I am not siding with anyone, as I stated in my post that I have never experienced that ANYWHERE around here.... I simply said I wouldn't leave anyones section if I too had permission to be there, especially in my home area. He may not have fields leased now, but I am pretty sure he has in the past, which was the reason behind the last line in my post, because im not sure.

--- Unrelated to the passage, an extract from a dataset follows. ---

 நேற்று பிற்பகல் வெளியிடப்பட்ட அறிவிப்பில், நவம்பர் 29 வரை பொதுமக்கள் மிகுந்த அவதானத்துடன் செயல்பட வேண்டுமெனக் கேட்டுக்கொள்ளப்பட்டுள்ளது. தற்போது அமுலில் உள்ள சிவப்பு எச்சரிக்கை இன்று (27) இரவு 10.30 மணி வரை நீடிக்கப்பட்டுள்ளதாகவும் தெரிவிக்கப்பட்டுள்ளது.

Horker, please re-read my posts before calling me a women.... I never bashed Randy nor his product... I actually stated in my post I have never encountered this nor have I had any problems. I am a little bitter about the fact things were not leased before and it is now turning into a pay to play.... you would be too if it was your home area. With that being said, we make it work... and No I am not going to find a new area. Not sure what your problem is, but apparently you need to go back and read a bit. Please point out to me where I bashed randy's product? :bop:

edit- Hoppe, I saw you guys drive past our spread on the last weekend of goose on your way back to D.R. house.


----------



## carp_killer (Nov 24, 2006)

there is a hunter near fergus that buys a landowner a new truck every year and then the hunter gets the year old truck not sure who it is but it wouldnt surprise me if its flagman.
Hoppsa it sounds like you spent a little to much time with him this year because it sounds like you are about the same kind of person he is and he has you brainwashed pretty well into thinking he is some legend when really he is a complete *******. why would i call him just for the pure sake of starting an arguement? that would make me look like the ***.
saying he doesnt have any leased fields is complete CRAP he was the one that started the pay to play game around fergus and he still does it.

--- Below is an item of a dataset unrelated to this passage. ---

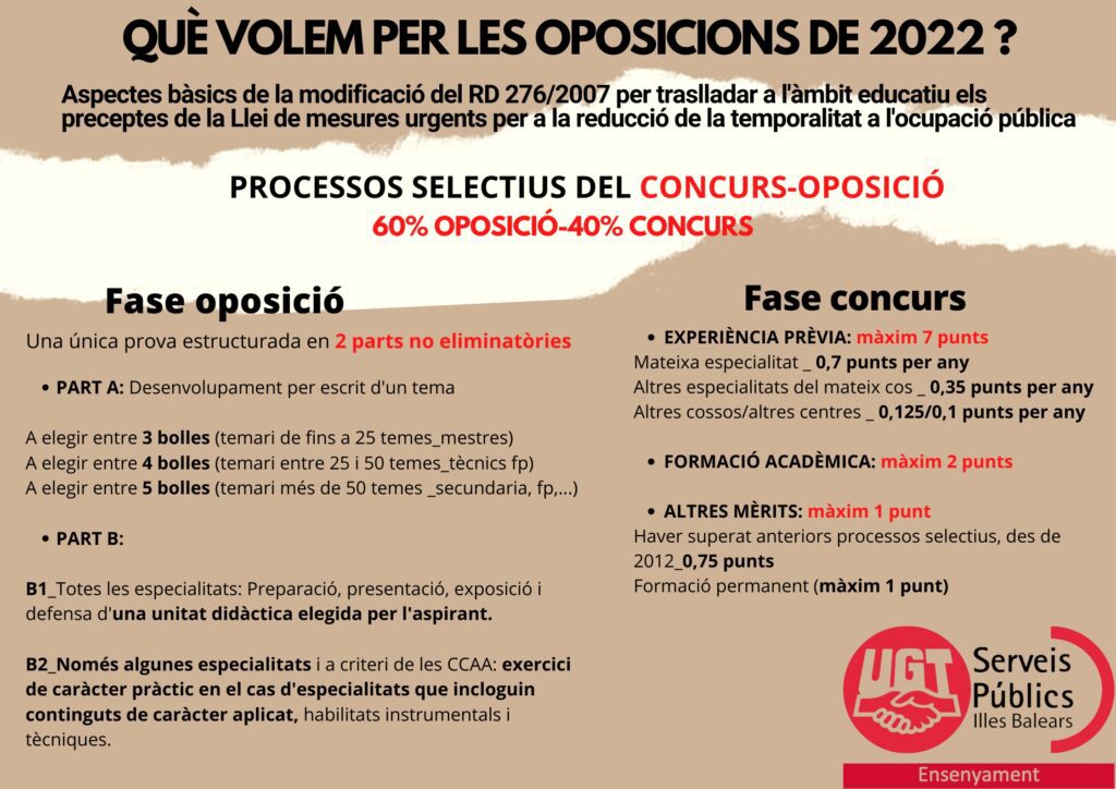 UGT reclama que les convocatòries d’oposicions docents de 2022 es realitzin conforme al Projecte de llei per reduir la temporalitat i l’estabilitat a l’ocupació aprovat ahir diciembre 3, 2021 Leer más »

andrew il send you a pm in a sec.

dont recall ever bashing the product just bashing him for being an ******* and im sure you would do the same thing if the owner of a company treated you that way so no i never will use any of his products. so i think maybe you are the one that should be getting there facts straight and not me. first you say andrew is siding with me when all he did was not jump at me like everyone else and you take my words and twist them into me bashing his products instead of him.

all this took place september of 09 i think it was the second weekend of early goose. i love how you automatically say im a sky buster, last i checked if i can hit the birds it isnt skybusting. sky busting is shooting at birds that you will never possibly kill at that distance and something people like you call people over the internet to make them feel better about themselves. yes please enlighten me on whats wrong with pass shooting? its more of a challenge to pass shoot birds than shoot birds feet down in the decoys.

randy hasnt changed the way i goose hunt and i bet theres a hell of alot of other people on here that can say that.

snowslayer i apologize for jacking your thread and will start a new thread we can continue this arguement in.


----------



## Andrew Bremseth (Aug 1, 2007)

I think the discussion should end, no one's mind will be changed and it really doesn't matter. Everyone sounds like they were legal and that is that. If something illegal happens get a hold of the game warden, they are great guys around here. If you think it's hunter harrasment don't hesitate to call.

Not sure how I got drug through the mud when I never said a word about his character or his products but I guess that's what happens we people are defensive. It's a shame this thread turned into this but hopefully the original poster's question was answered and he found his flag.


----------



## nodakoutdoors.com (Feb 27, 2002)

I agree, this thread is going nowhere. Lots of unnecessary info when all someone is looking for is a goose flag.


----------